New amputees receive what’s called a preparatory prosthesis, which is designed to get them walking in therapy and limb shrinkage.  The preparatory is designed to get the patient down to a stabilized size, once muscles complete their atrophy and stop losing mass. This process takes about 4-6 months after a patient starts walking. At that point in time, it’s time to start all over again – it’s time for the new leg.

“We use a gel liner, either silicon, urethane or TPE plastic to cushion and protect the skin,” continued Michael. “Almost everybody can benefit from having a gel liner against the skin. It grips the skin, it protects the skin from rubbing blistering and irritations, that’s why it’s so universally used. Some have a pin that goes into a lock, and that acts as suspension, so as they move the prosthesis moves with them.”

Prosthetics have certainly come a long way in appearance thanks to today’s technology. “We can do any color a patient wants,” said Michael. “If patients bring us a shirt, or something special they want on their prosthesis, we can laminate that on there with a clear coat, so whatever the fabric on there can show through.”

We mentioned how important it is to understand the patient’s lifestyle and goals. “We never want the prosthesis to limit someone, but we don’t want to build it so technical that they can’t use it, or can’t generate enough force to use it,” said Michael. “People always say they want ‘the best,’ and they associate the best with the most expensive. I can fit you with a Porsche, I can fit you with a Combine. If you’re a farmer, the Porsche is not going to help you.
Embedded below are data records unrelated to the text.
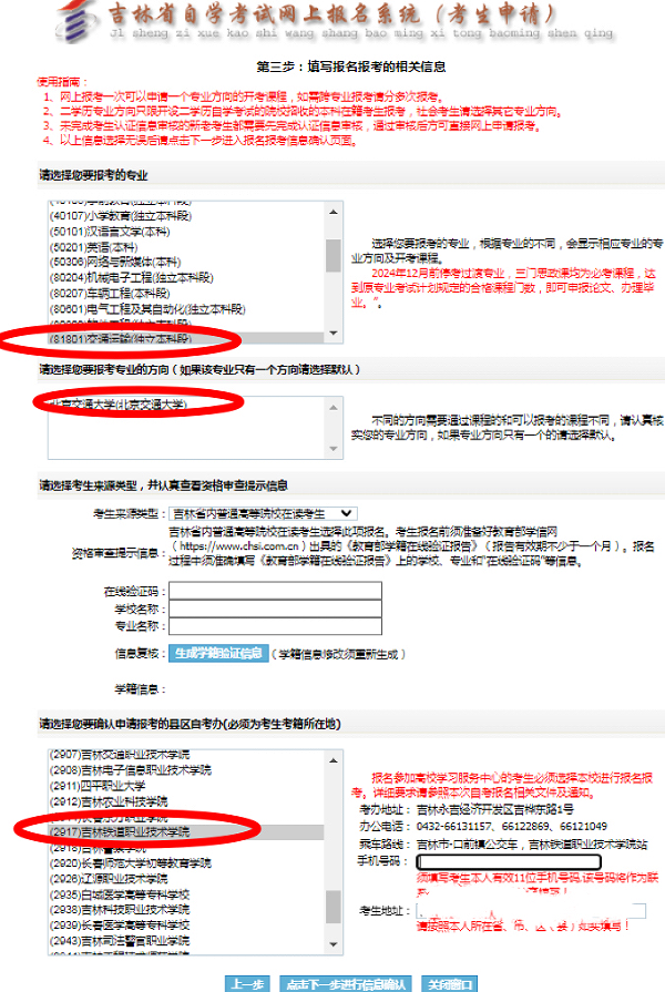 第五项是“请选择您要确认申请报考的县区自考办”,选填“2917吉林铁道职业技术大学” ;
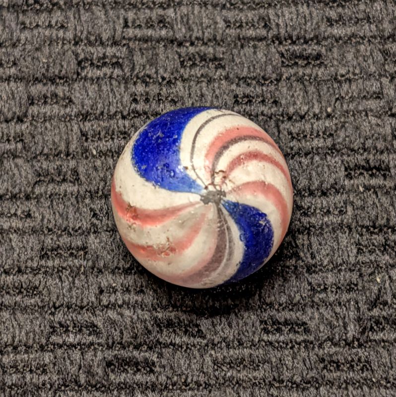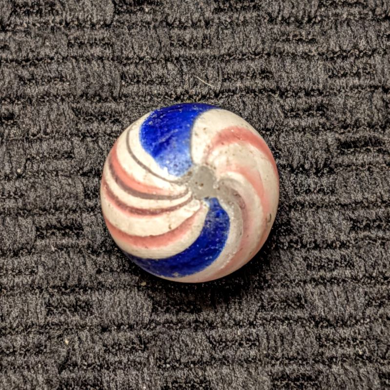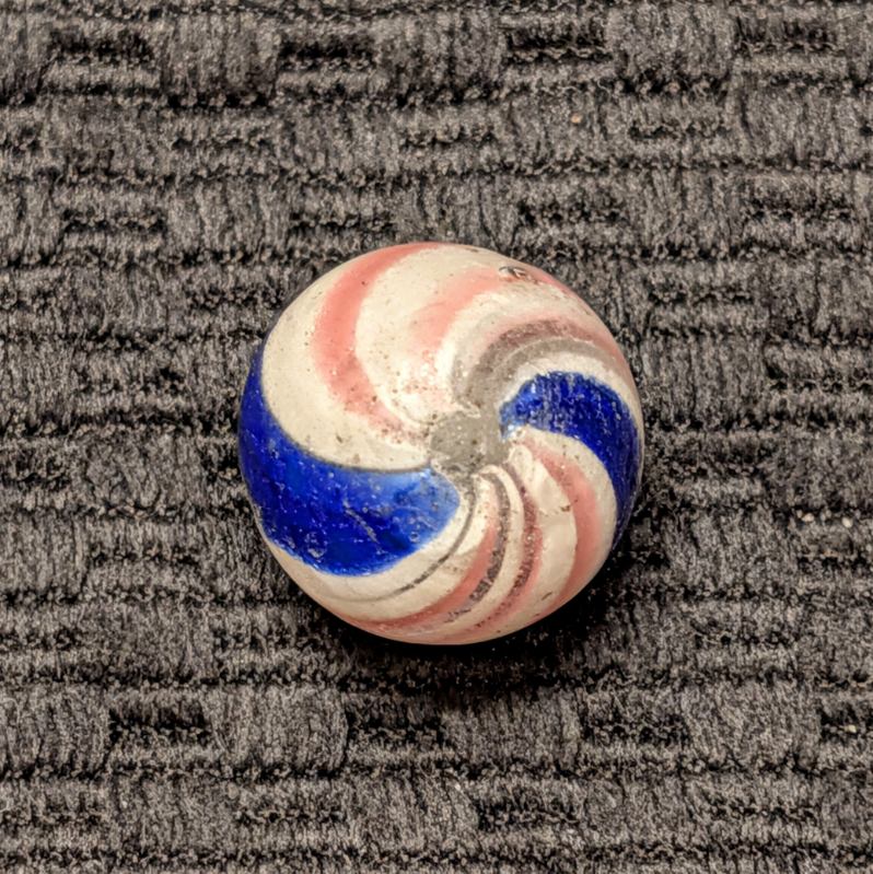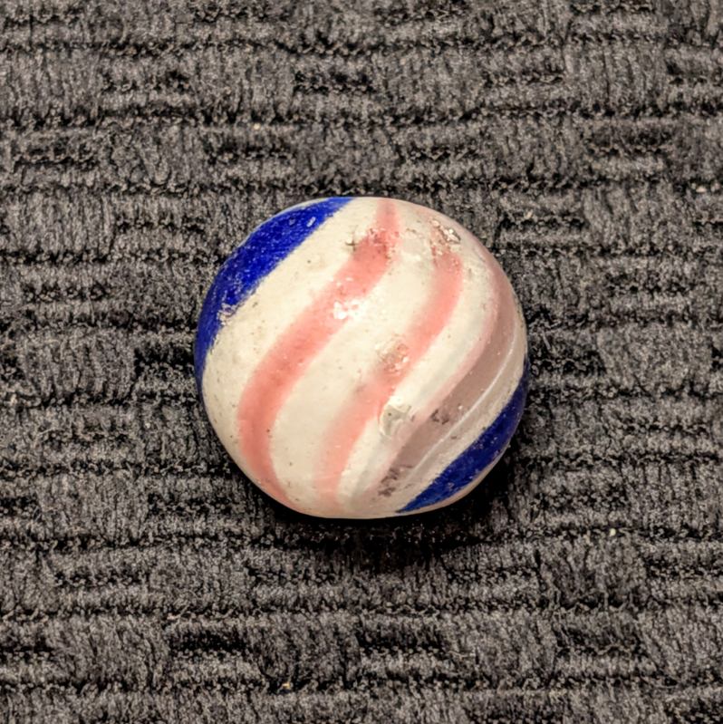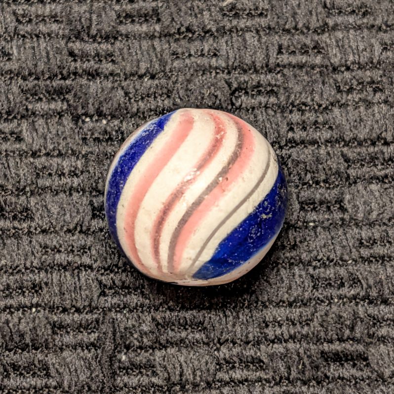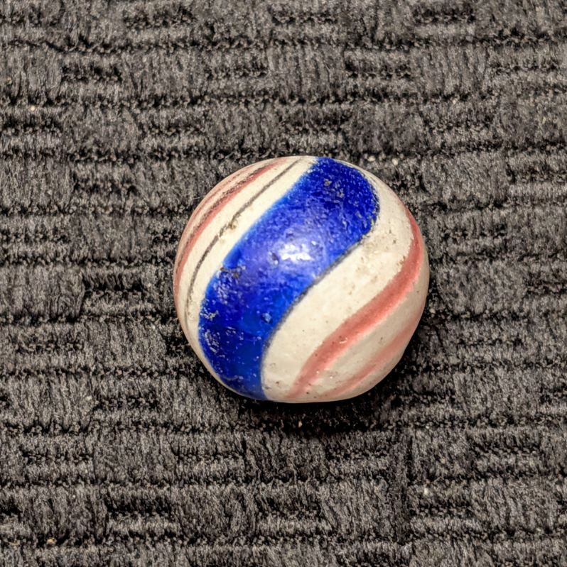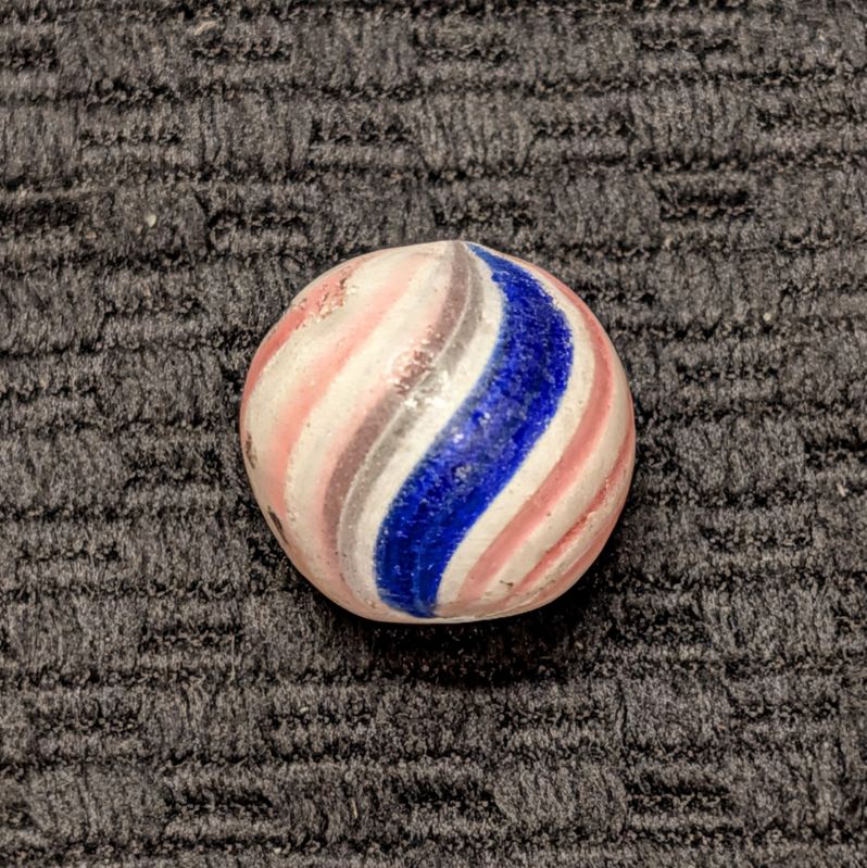 Peppermint with 2 sets of 3 red lines and 2 bold cobalt bands. Near Mint pocket wear, pins pricks and small flakes. A good solid example.
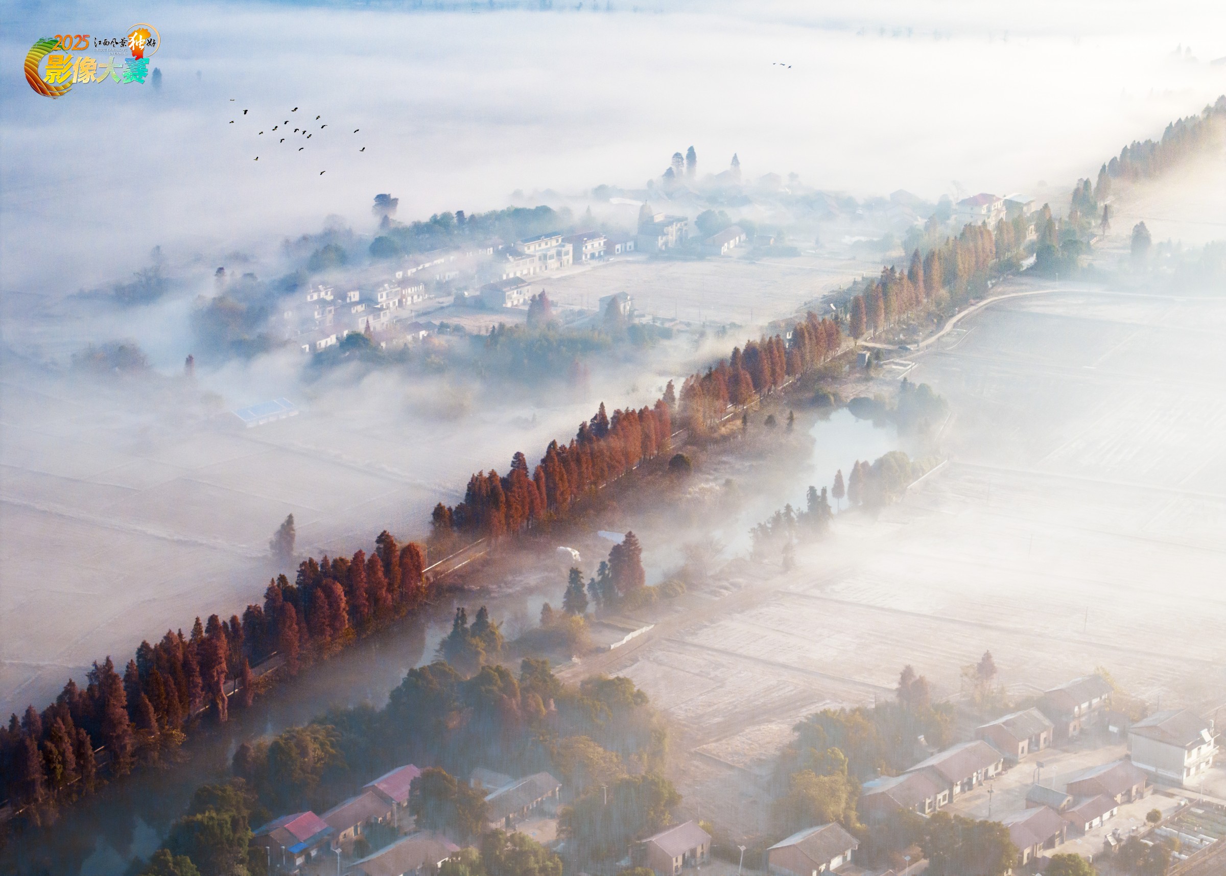 鄱阳湖边的小村,雾纱裹着乡野,红杉如焰烧透晨霭,连风都染了暖调。村舍隐在烟岚里,候鸟牵走薄雾的软——这是秋日藏的温柔,每缕光影都织着烟火与诗意。

The cost is about the same. It’s really about finding out what your needs are and fitting you with the best product to fit your needs. Then you’ll get the most out of it.”

“There are dynamic feet, which will give energy in return, and there are energy absorbing feet to give you lots of motion,” Michael says. “If you’re hopping up and down on trucks, you may need something that has a lot of cushion, if you’re walking around a constructions site, you want something that will give you all kinds of side to side motion, because you’re stepping over all kinds of terrain and if you’re sitting in an office all day, you’ll want a smooth foot, if you’re a runner, you’ll want something that allows you to do that.” The process is really about patient matching. Same thing with prosthetic knees, there are a plethora of options depending on patient capabilities and needs.”

In speaking with Michael, it’s clear he and his team have a progressive and honest approach to getting patients back to their daily lives. They have a number of amputees on staff, allowing them to have a unique perspective on their patient’s daily challenges and how to prevail. They know their job is not done when the prosthetic is finished – they have resources for patients, such as support groups and county and state resources to help patients get back to living the life they want.